Nevertheless, wind energy has been directly subsidized by the federal government for over 20 years. The biggest handout has been the wind production tax credit (PTC). It has been extended, re-extended, and retroactively extended since 1992 and until recently gave wind electricity providers a tax cut of 2.23 cents for every kilowatt-hour generated.
Pennies add up–in this case, exempting wind power providers from billions of dollars in taxes.
Congress let the PTC expire in 2014, a decision the Department of Energy pejoratively casts in its report as “a possible policy cliff awaits” in 2016 when the impact of the expired PTC hits.
Only projects that began construction by the end of 2014 were eligible for the tax credit. These will all likely be online by 2016, meaning any new construction will be without the federal subsidy.
The wind industry has baked the PTC into its cost of business calculus and has come to assume that the fair rules must include subsidies. Unsurprisingly, the wind industry views anything to put wind companies back on the tax role as “moving the goalposts.” In some sense, you can’t blame them—it makes for a great business model when wind electricity providers can pay people to take wind electricity and still make money, thanks to federal subsidies.
After more than 20 years of the PTC and related investment tax credit, it takes particular gall to say more is needed to get the wind industry off its feet.
In addition to these federal handouts, the wind industry also enjoys favoritism in energy markets thanks to state-level renewable energy goals and mandates even without the federal PTC.
And to top it all off, the EPA’s carbon dioxide reduction regulations finalized earlier this month would tilt energy markets even farther in wind’s favor if these damaging regulations withstand the courts and opposition by States and Congress.
The rule gives states credit for bringing more “renewable” electricity sources online (ironically the EPA isn’t consistent in what it means by “renewable”) and has set a goal of 28 percent of U.S. electricity to come from renewables by 2030. For some perspective on just how massive a subsidy this is for wind power and other sources like solar and biomass, in 2014 renewables provided only 7 percent of U.S. electricity; 4.4 percent was from wind.
While increasing our wind capacity will do nothing to impact global temperatures—a fact the EPA itself admits—it will have an impact on our environment.

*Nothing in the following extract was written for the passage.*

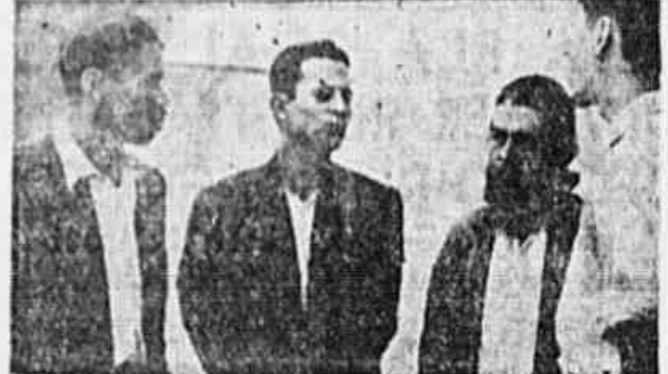
Assinados da Liga Camponesa de Paracambi quando foram às violências praticadas na Fazenda da Boa Vista do Mandacaru.

Explorados e ainda ameaçados de expulsão — Protesta a Liga Camponesa local da Boa Vista do Mandacaru em Inra.
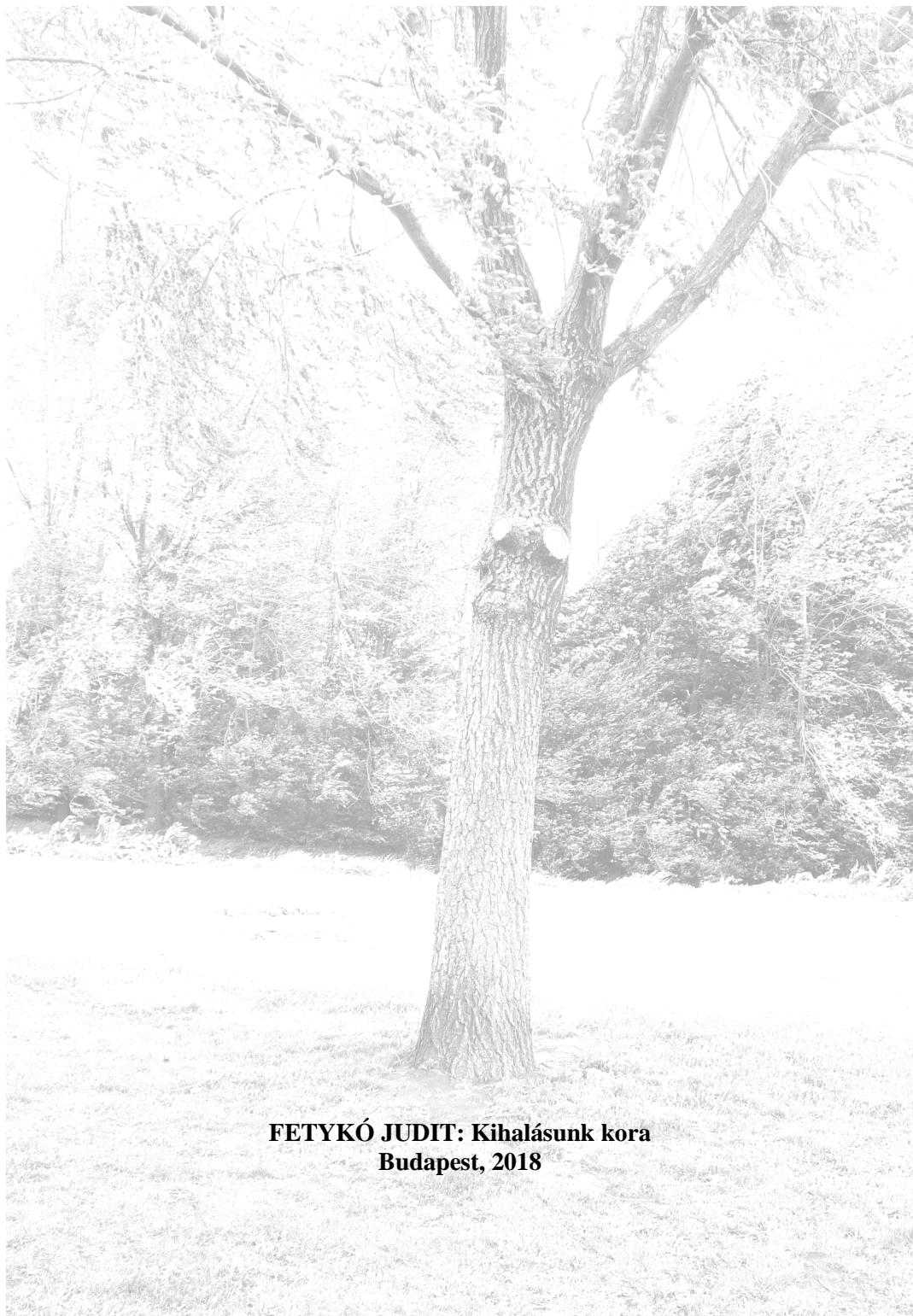
FETYKÓ JUDIT: Kihalásunk kora Budapest, 2018

A very efficient wind farm would need 260 times the amount of land to produce the same amount of electricity as a typical nuclear power plant.
Certainly American families, businesses, and communities should invest in electricity sources that make sense for their individual circumstances. But we shouldn’t pretend that wind energy is free.
Without skipping a beat, supporters of the wind PTC say that despite all this “policy stability” is vital and the tax credit should be extended for the long term or permanently. Stability also comes from cutting the cord for good, however. With the wind PTC having been expired since December 2014, it’s time the wind industry got used to the new normal.